Still, their affixes are embeddings, so there’s no explicit knowledge of which affixes could encompass which characters. Nothing in their objective function attempts to correct this either. Still, impressively, their attention model attends to the right parts of the word terbiyesizlik (as shown way up above), and the vertical runs of weight are a good sign. Or is this example just cherry-picked? (This isn’t an accusation; it’s the eternal question when one example is used in a paper, but one example is often more illustrative than aggregate statistics.)

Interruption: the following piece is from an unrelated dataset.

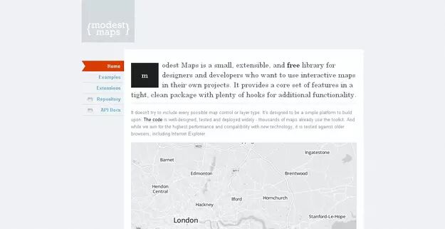 Modest Maps是一个轻量级、可扩展的、可定制的和免费的地图显示类库,这个类库能帮助开发人员在他们自己的项目里能够与地图进行交互。ModestMaps提供一个核心健壮的带有很多hooks与附加functionality函数的要素开发包。
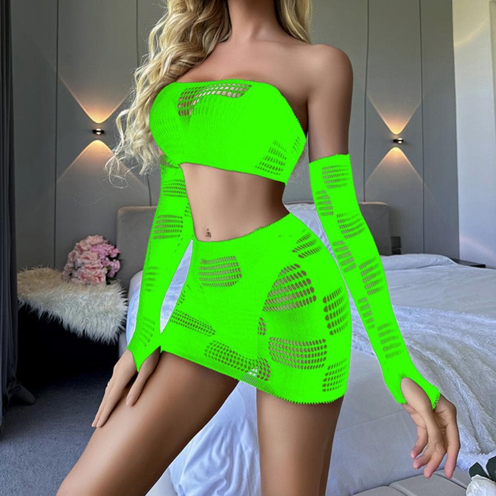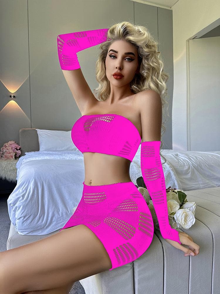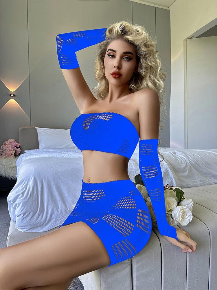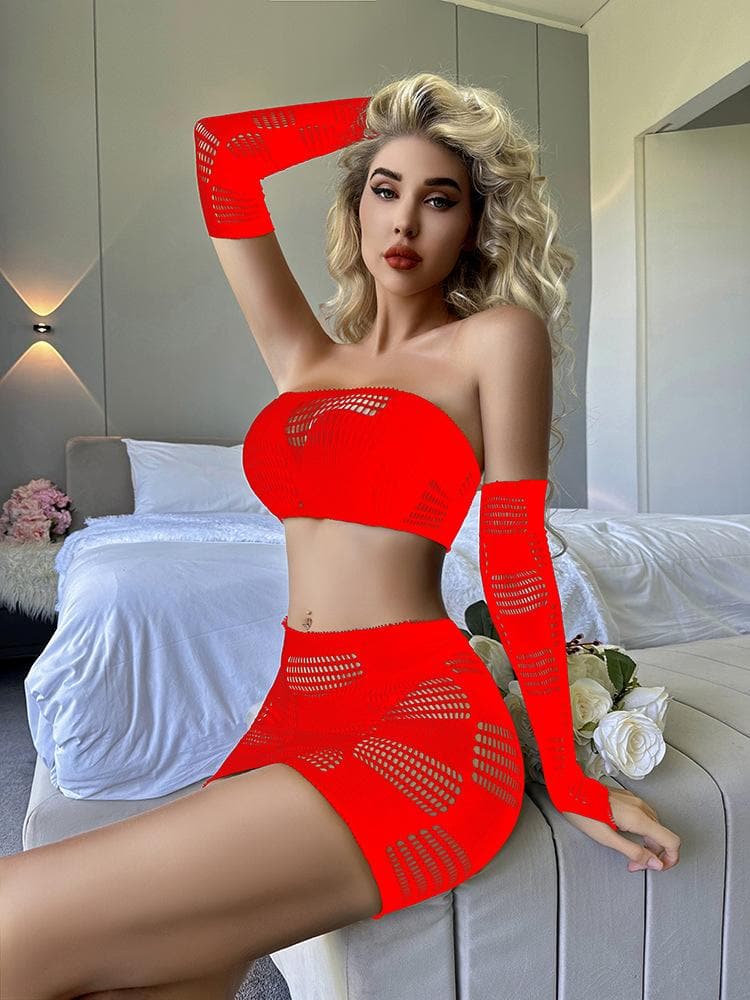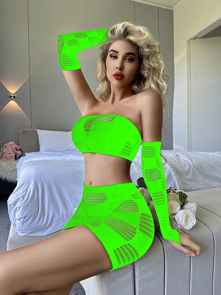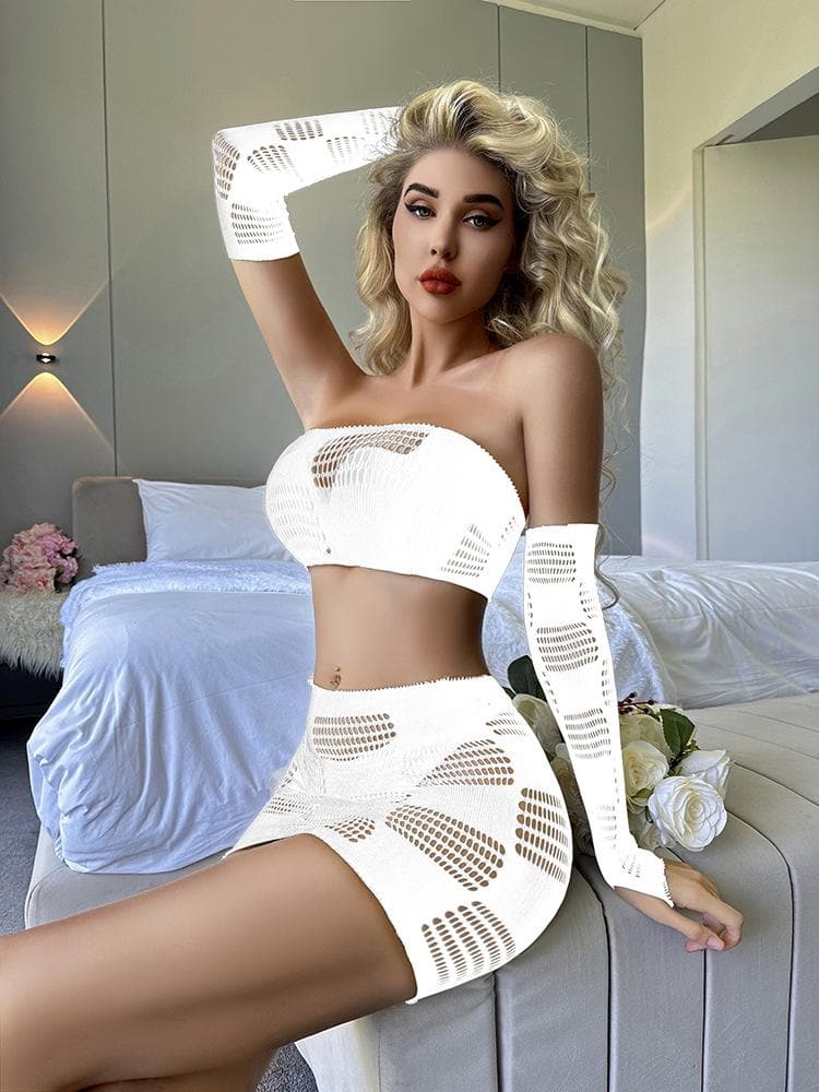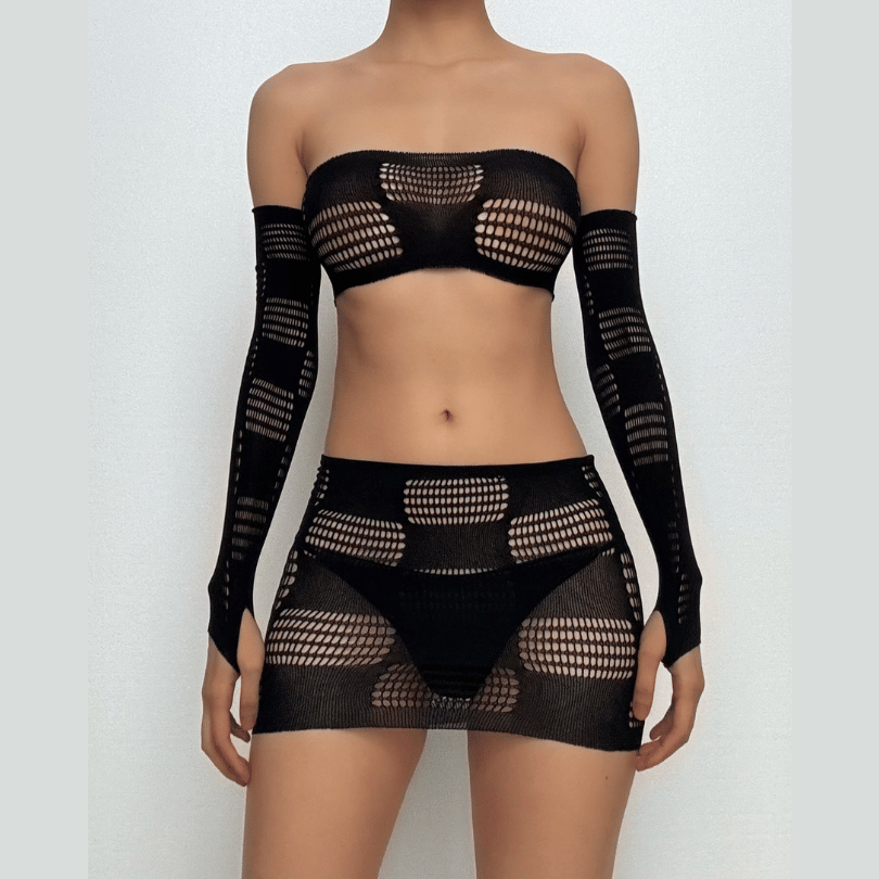 Gloves fishnet patchwork tube mini skirt set

Unfortunately, the performance improvement is pretty middling—less than one BLEU point. The authors felt the need to illustrate the improvement with both a table and a figure that convey the same information. It seems that their performance comes from greater model capacity due to more parameters, because nothing about morphology is really forced to be learned.

Model En→De En→Ru En→Tr
Base 21.33 26.00 -
Reimplementation 21.01 26.23 18.01
+ table 21.27 26.78 18.44
+ multitask 21.39 26.39 18.59
+ table + multitask 21.48 26.84 18.70

Bold results were statistically significant according to paired bootstrap re-sampling, but that’s prone to Type I errors. Plus, “If you need to report statistical significance, your results are generally not that significant”—Philipp Koehn, ironically since he developed paired bootstrap resampling for MT.

Future work idea: If their model can indeed incorporate knowledge besides morphological affixes, could we use part-of-speech information to guide translation? Or what about using this for derivational affixes? And what about comparing this work to a version of the baseline with more parameters?

The bottom line: Adding a lookup table that’s searched with attention is a cool idea; it just needs to be trained well so you’re not just adding more parameters.

Written on May 16, 2018